She turns toward me. My eyes land on her bright ones, the evergreen shade easily becoming one of my favorite colors. “Relax. I’m joking. I watched about three hours’ worth of YouTube videos before playing that night. You’re looking at the proud winner of eight-thousand euros.” She swipes her hand across her palm, making invisible money fly away. “It wasn’t the full strip-poker experience, but I made it down to my bra. I can’t say the same about the boys though because Maya and I hustled.”

I bark out a laugh, letting go of my previous annoyance. “I wouldn’t expect anything less from you. And the porn experience? I should be offended about not having an invite to that one.”

She rolls her eyes while fighting a smile. “That one was just me and Maya after we had a few too many glasses of wine.”

“What type of porn did you watch? Girl on girl? Girl on boy on girl? Maybe you’re into soft-core porn with a riveting storyline?”

Her laughing into the sky makes my heart beat faster in my chest. I sit, wanting to take a deep breath of fresh air to calm my body down. Except now I get a full visual of Sophie with her soft lips parted slightly, luring me in, her eyes shifting from me to the sky.
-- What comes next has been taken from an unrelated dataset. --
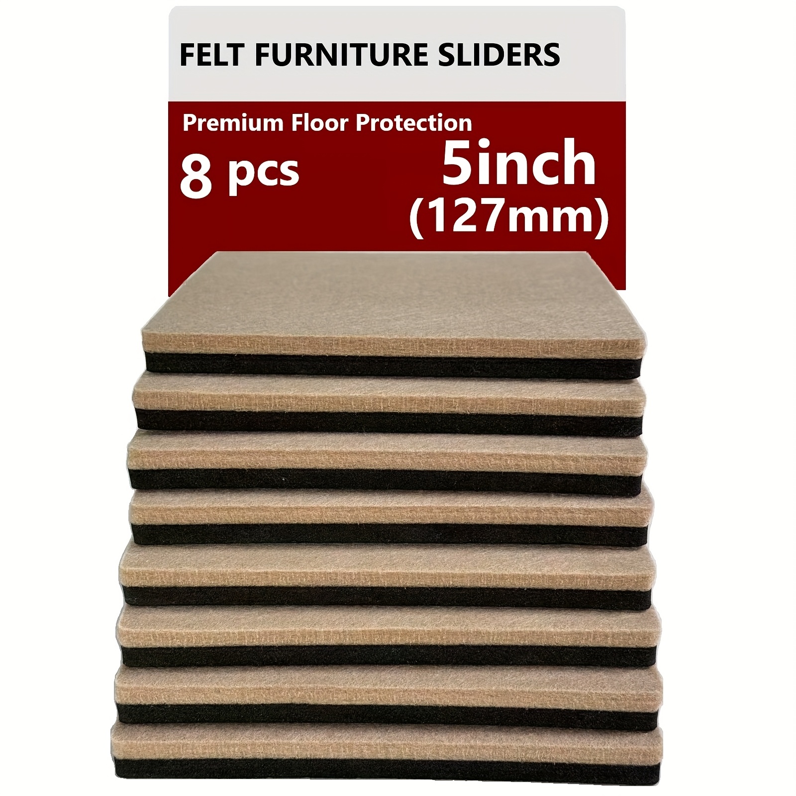 TEMU 하드우드 바닥용 이지글라이드 가구 슬라이더 - 8개, 5인치 사각형, 재사용 가능 & 튼튼한 무거운 물건 이동을 위한, 블랙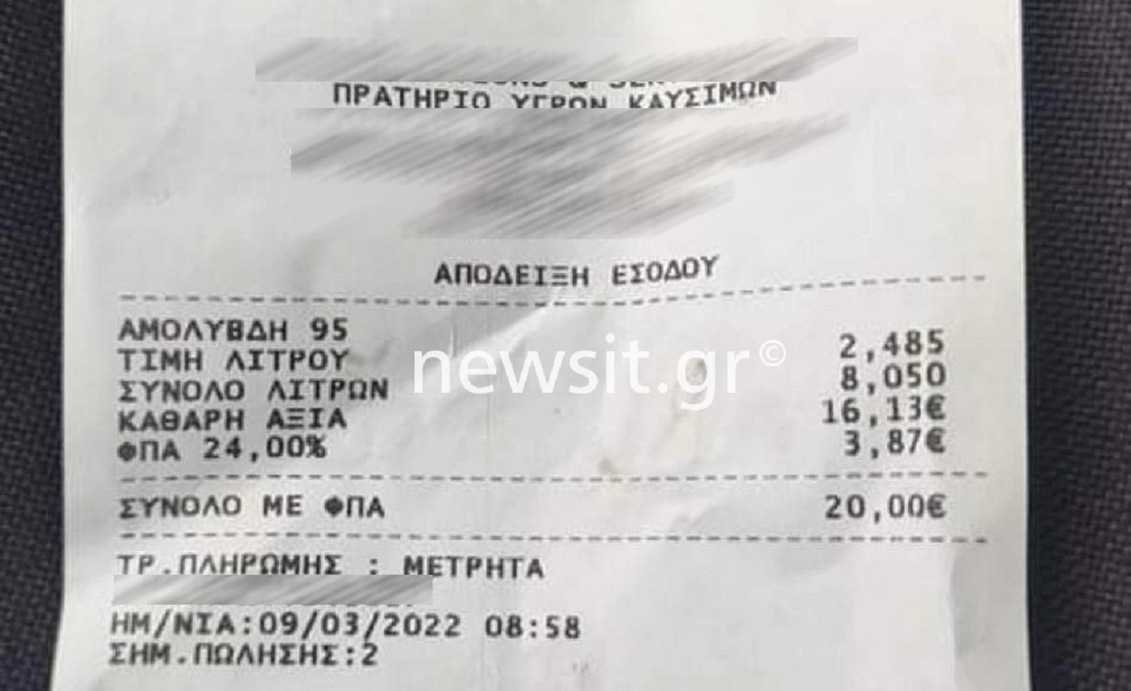 Στα 2,48 ευρώ το λίτρο έφτασε η απλή αμόλυβδη όπως βλέπετε, στην σημερινή απόδειξη που έστειλε ο αναγνώστης του newsit.gr

My hands move on their own, brushing away some loose strands of hair that escaped her ponytail and trail down her face.

She takes a deep breath. Her eyes close for the briefest second before they open again. “Liam…”

One word sobers me because her eyes tell me she needs more time. She likes our friendship, and shit, I do too.

I didn’t think I would. When she turned me down in Barcelona, I wasn’t sure I could be her friend. The idea made me nauseous, reminding me of memories I wanted to keep hidden forever. But the more time I spend around Sophie, the more addicted I get. It’s impossible to ignore the pull I have toward her, both physically and emotionally, something I thought was long gone from my life. She pushes me in every way and meets me stride for stride. And fuck if my relationship with her doesn’t terrify me as much as it excites me.


“All right, let’s get this show on the road.” Sophie tugs me away from two girls who look annoyed at the intrusion. I follow her through the event for the Canadian Grand Prix, ignoring sponsors calling my name. F1 put on a nice dinner with music, dancing, and decent alcohol. Candles flicker around the room, shrouding us in darkness except for shadows moving across the walls.

I’ve barely seen Sophie tonight. We’ve both been busy since she needs to hang with her dad while I schmooze. Earlier, Rick found me and gave me bleak news about no offers from teams, leaving me disappointed and irritable. But the smile on Sophie’s face knocks my bad mood right out of me.

“I was in the middle of something.” I really wasn’t because girls like those are only after one thing and I’ve been on a body-wide lockdown for everyone who isn’t Sophie. But I’m curious why she feels the need to pull me away.

“I have a favor to ask of you.”

“I’m going to start logging all these favors you owe me. First, you wanted me to distract Noah from Maya, then it’s to help with your list. Next, you’re going to ask me for money.” I add the last one to get a stir out of her.

“First of all, you imposed yourself on my list. Second, I don’t want or need money from you! Don’t insult me.”

Sophie has good intentions and never tries to go after the wrong things. She’s the perfect girl if I were looking for that kind of thing, but I’m not, so I digress.

She huffs as she drags me away from any prying eyes. “Anyway, I need help. I want to get high once.”

I can’t help the snort-laugh that comes out of me. “You can’t be serious. Now?”

The look she gives me tells me that she is.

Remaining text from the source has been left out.